INFORMATION SUPPLIED |

------------------------------------------------------------

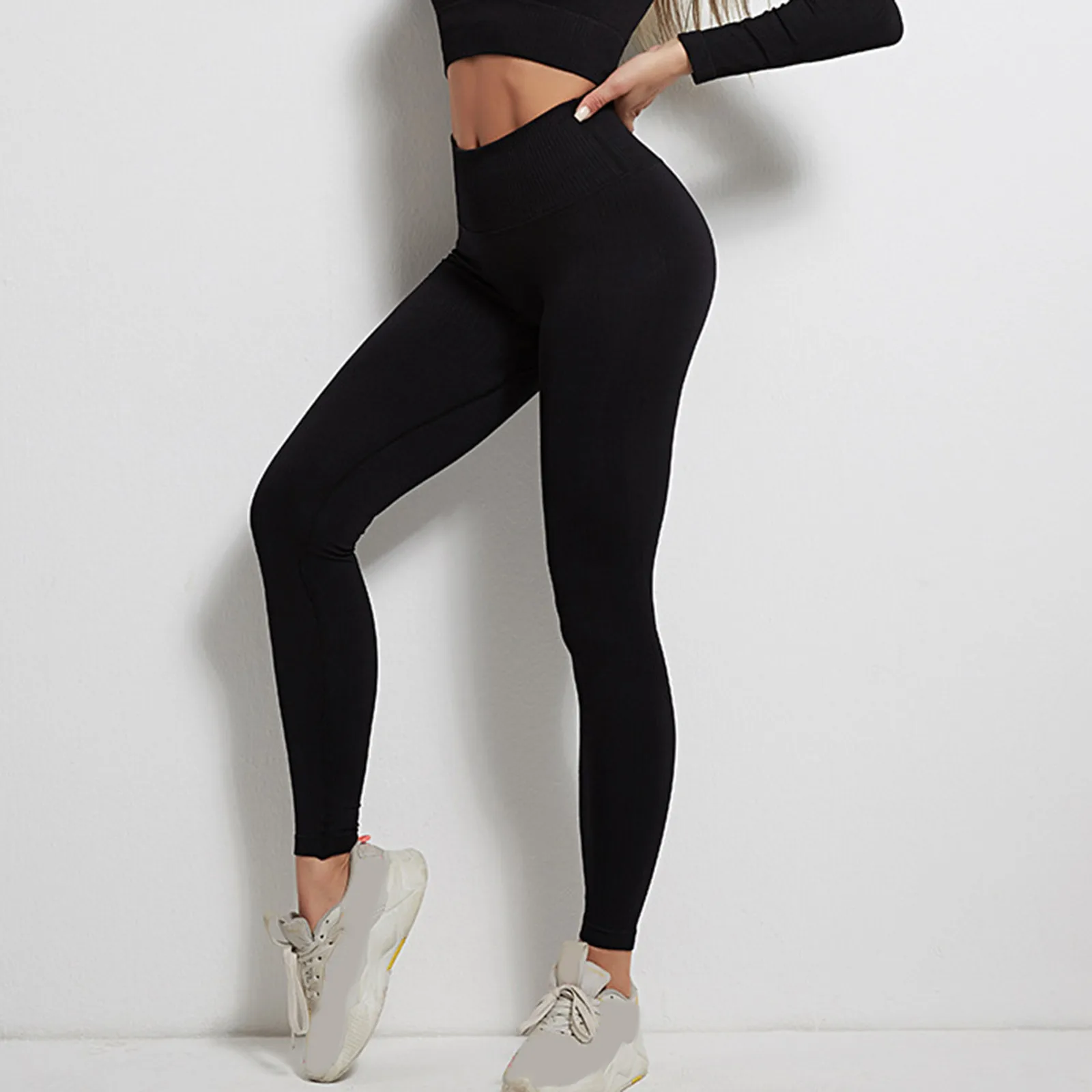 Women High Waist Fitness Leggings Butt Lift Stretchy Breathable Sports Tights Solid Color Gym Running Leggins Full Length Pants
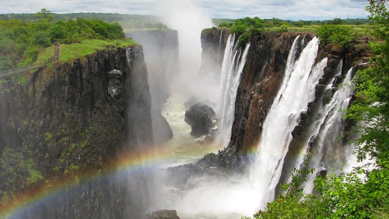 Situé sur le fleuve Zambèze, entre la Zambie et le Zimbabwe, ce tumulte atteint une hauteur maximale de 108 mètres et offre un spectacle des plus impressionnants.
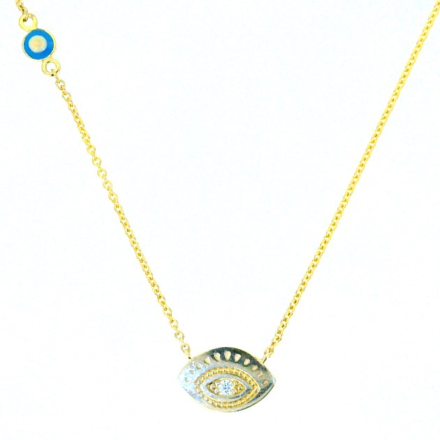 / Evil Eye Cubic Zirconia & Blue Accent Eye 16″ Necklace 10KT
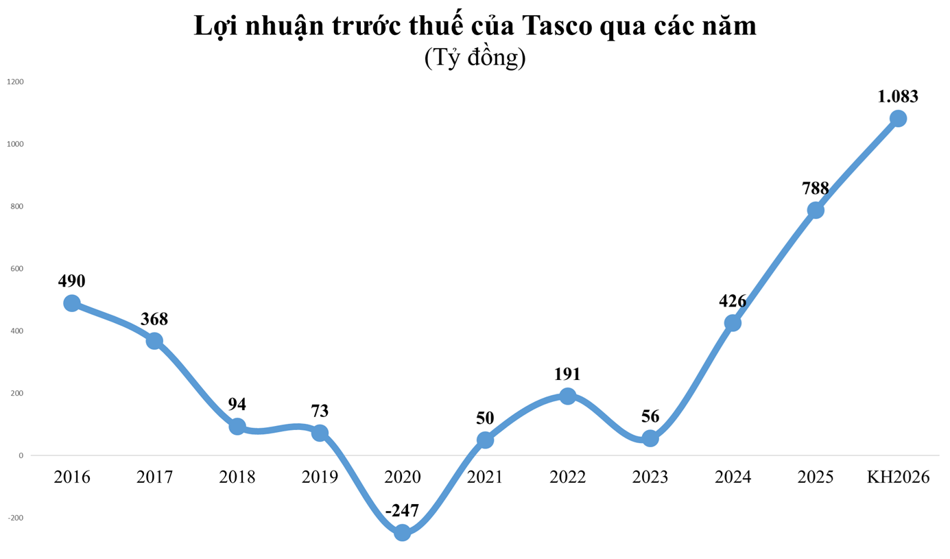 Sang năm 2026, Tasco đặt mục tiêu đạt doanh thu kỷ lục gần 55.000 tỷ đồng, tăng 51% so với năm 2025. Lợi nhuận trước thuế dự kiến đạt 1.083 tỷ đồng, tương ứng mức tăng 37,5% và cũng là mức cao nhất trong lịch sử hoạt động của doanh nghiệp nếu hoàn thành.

------------------------------------------------------------

WHAT YOU NEED TO DO | Your reply is to be an exact repeat of the listing above from the line holding "Situé sur le" down to the line holding "16″ Necklace 10KT", ends included, pictures excluded.

EXERCISE RESULT |
 Situé sur le fleuve Zambèze, entre la Zambie et le Zimbabwe, ce tumulte atteint une hauteur maximale de 108 mètres et offre un spectacle des plus impressionnants.
 / Evil Eye Cubic Zirconia & Blue Accent Eye 16″ Necklace 10KT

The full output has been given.